AI Proof Verification: Gauss Tackles 24D

When Ukrainian mathematician Maryna Viazovska received a Fields Medal—widely regarded as the Nobel Prize for mathematics—in July 2022, it was big news. Not only was she the second woman to accept the honor in the award’s 86-year history, but she collected the medal just months after her country had been invaded by Russia. Nearly four years later, Viazovska is making waves again. Today, in a collaboration between humans and AI, Viazovska’s proofs have been formerly verified, signaling rapid progress in AI’s abilities to assist with mathematical research.

“These new results seem very, very impressive, and definitely signal some rapid progress in this direction,” says AI reasoning expert and Princeton University postdoc Liam Fowl, who was not involved in the work.

In her Fields Medal-winning research, Viazovska had tackled two versions of the sphere packing problem, which asks: How densely can identical circles, spheres, etc, be packed in n-dimensional space? In two dimensions, the honeycomb is the best solution. In three dimensions, spheres stacked in a pyramid are optimal. But after that, it becomes exceedingly difficult to find the best solution, and to prove that it is in fact the best.

In 2016, Viazovska solved the problem in two cases. By using powerful mathematical functions known as (quasi-)modular forms, she proved that a symmetric arrangement known as E₈ is the best 8-dimensional packing, and soon after proved with collaborators that another sphere packing called the Leech lattice is best in 24 dimensions. Though seemingly abstract, this result has potential to help solve everyday problems related to dense sphere packing, including error-correcting codes used by smartphones and space probes.

The proofs were verified by the mathematical community, and deemed correct, leading to the Fields Medal recognition. But formal verification—the ability of a proof to be verified by a computer—is another beast altogether. Since 2022, much progress has been made in AI-assisted formal proof verification.

Serendipity leads to formalization project

A few years later, a chance meeting in Lausanne, Switzerland, between third-year undergraduate Sidharth Hariharan and Viazovska would reignite her interest in sphere packing proofs. Though still very early in his career, Hariharan was already becoming adept at formalizing proofs.

“Formal verification of a proof is like a rubber stamp,” Fowl says. “It’s a kind of bonafide certification that you know your statements of reasoning are correct.”

Hariharan told Viazovska how he had been using the process of formalizing proofs to learn and really understand mathematical concepts.
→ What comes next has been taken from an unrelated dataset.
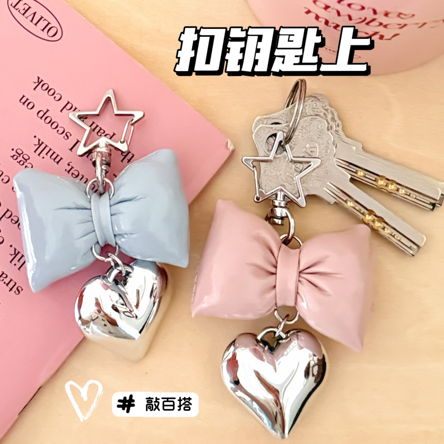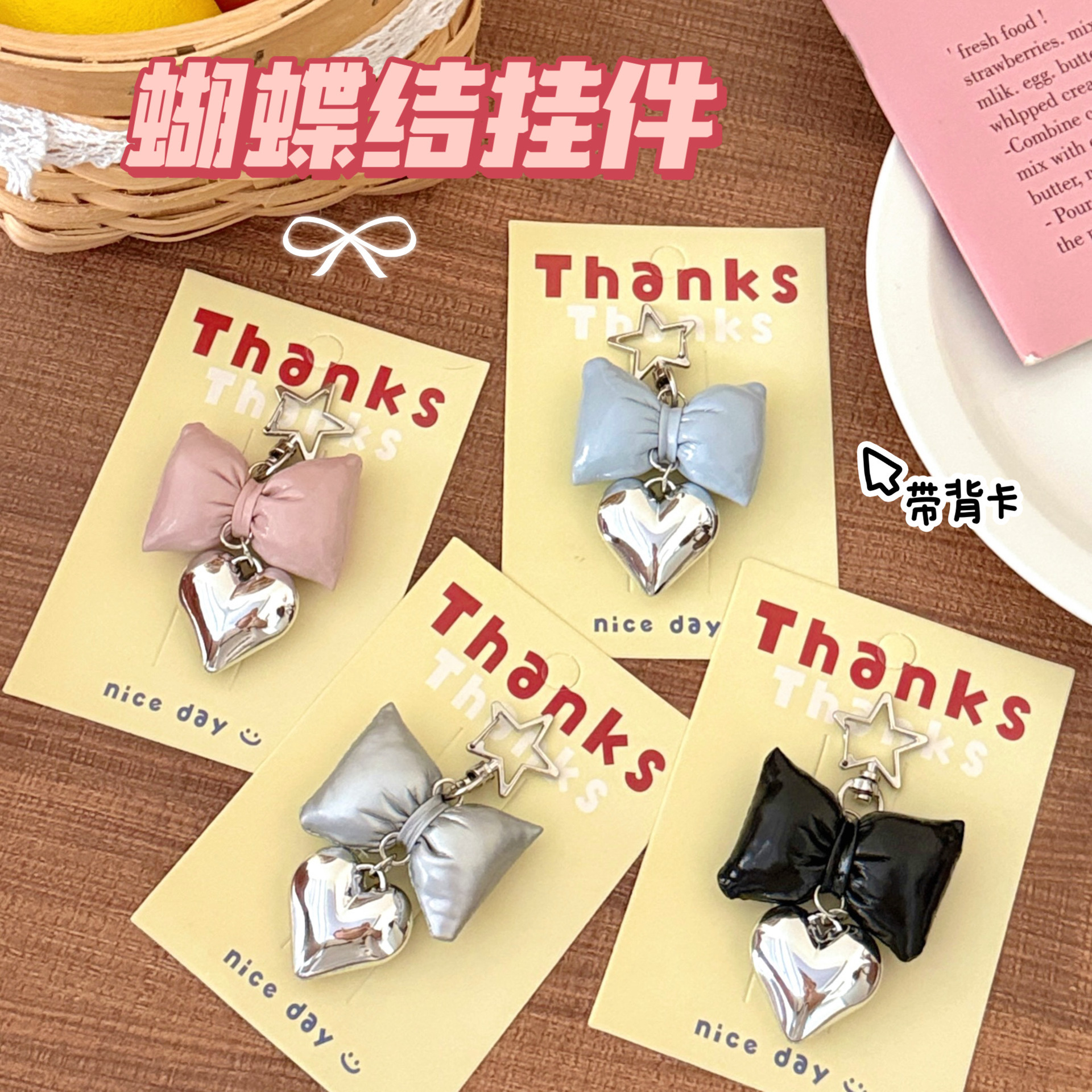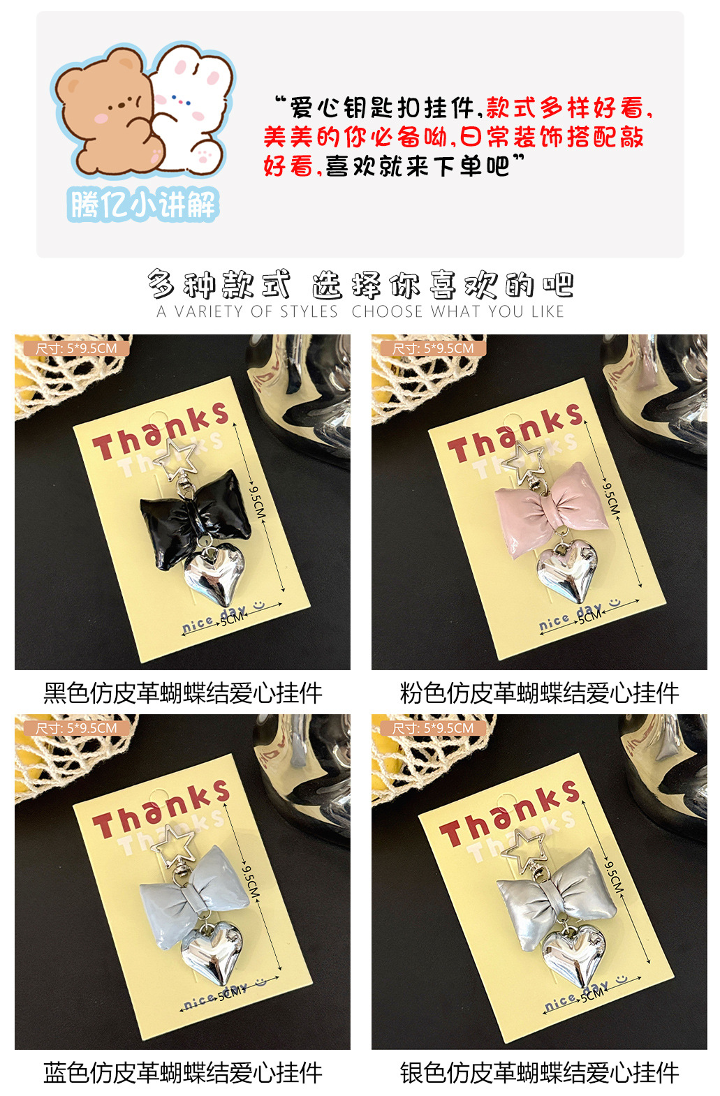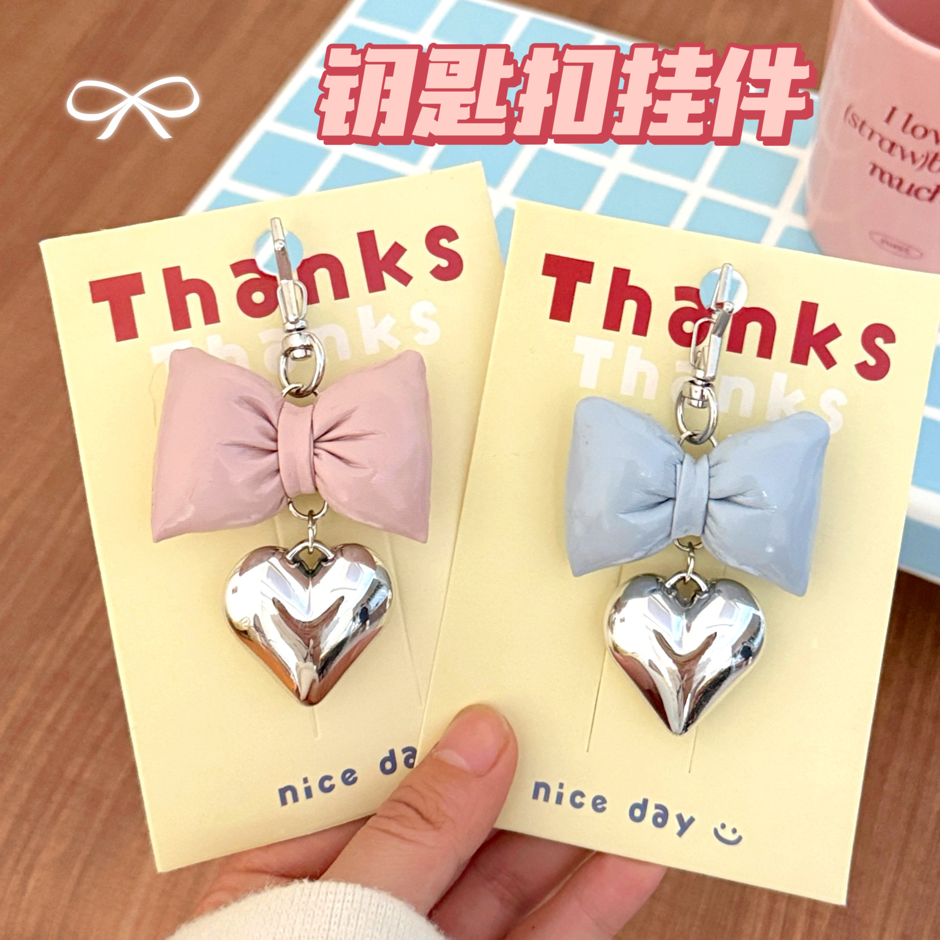 ins风仿皮革蝴蝶结爱心挂件少女高级感包包钥匙扣挂坠百搭小挂饰
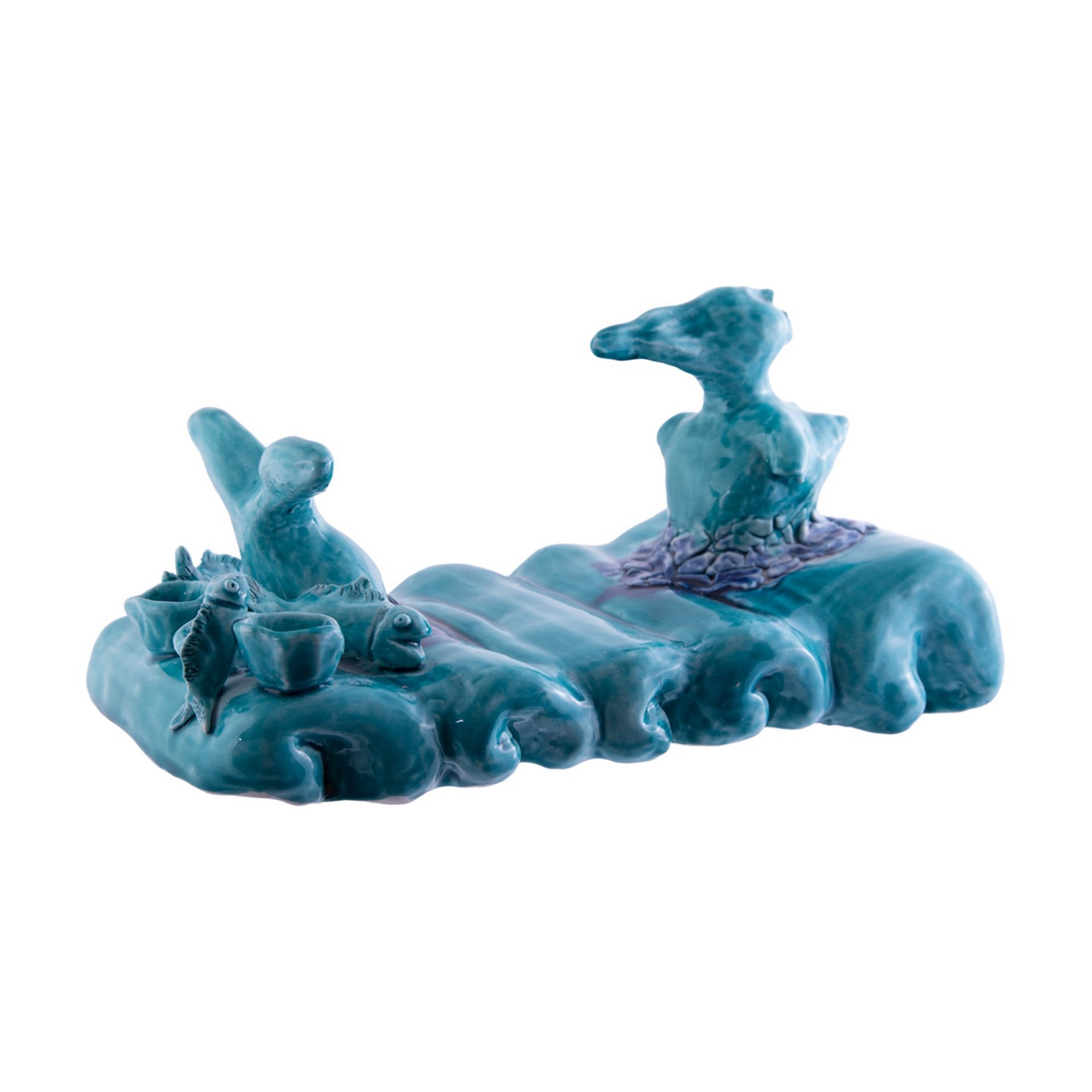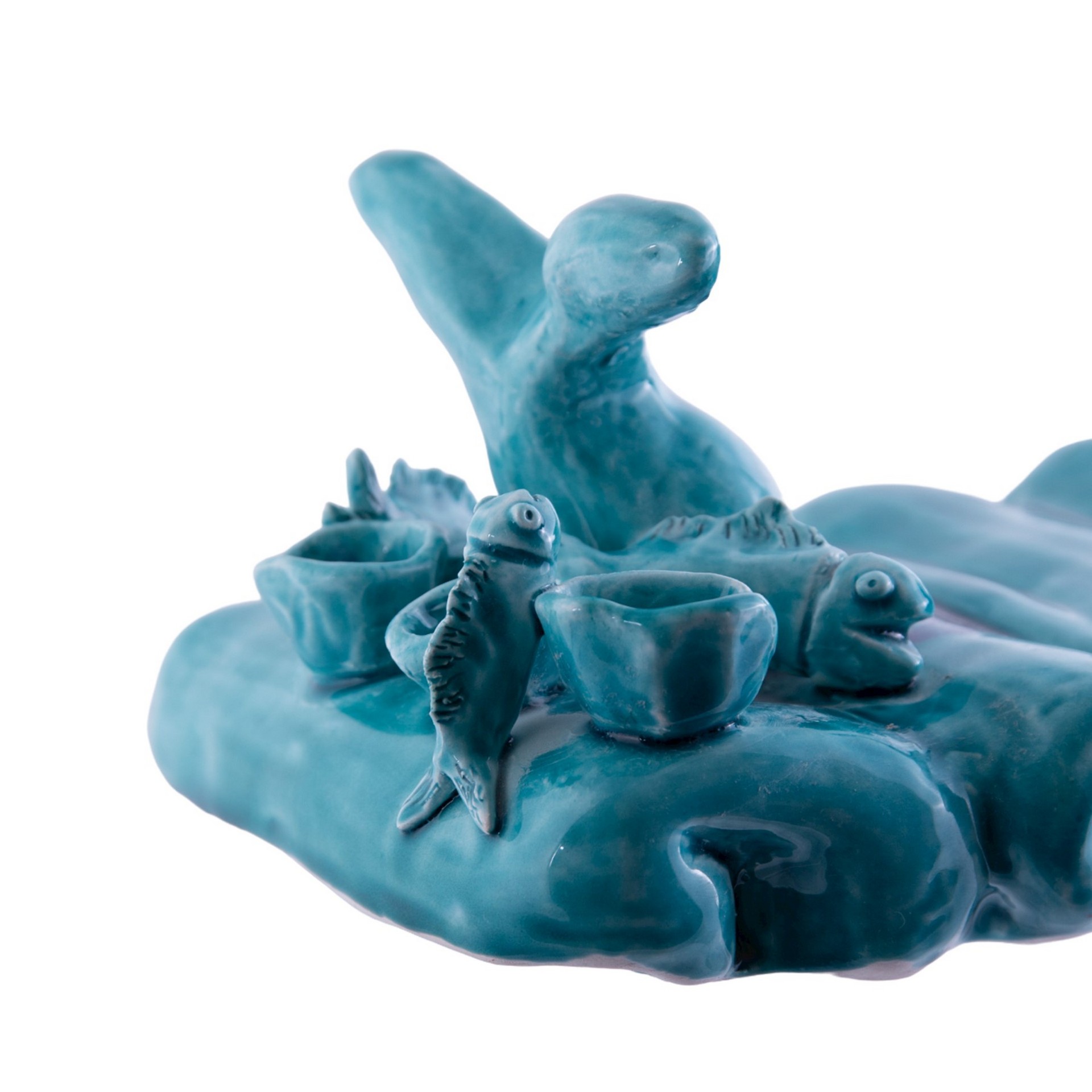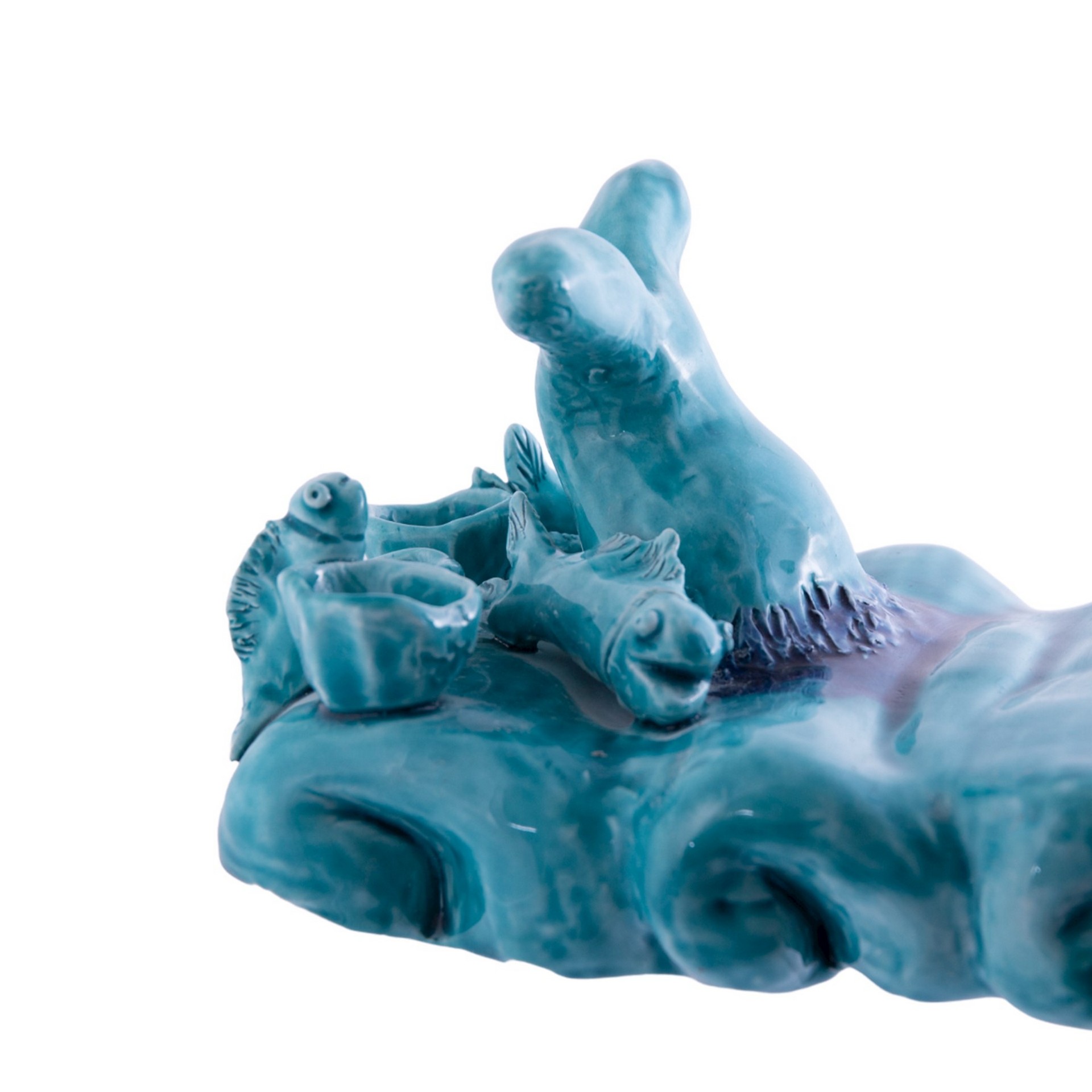 ceramica dipinto a mano e cera persa CGP-Cucinotta - Ciondolo in ceramica raffigurante testa di pupo siciliano ceramica dipinto a mano e cera persa Con cornice in argento.

In response, Viazovska expressed an interest in formalizing her proofs, largely out of curiosity. From this, in March 2024 the Formalising Sphere Packing in Lean project was born. Lean is a popular programming language and ‘proof assistant’ that allows mathematicians to write proofs that are then verified for absolute correctness by a computer.

A collaboration bringing in experts Bhavik Mehta (Imperial College London, UK), Christopher Birkbeck (University of East Anglia, UK), Seewoo Lee (University of California, Berkeley), and others, the project involved writing a human-readable ‘blueprint’ that could be used to map the 8-dimensional proof’s various constituents and which of them had and had not been formalized and/or proven, and then proving and formalizing those missing elements in Lean.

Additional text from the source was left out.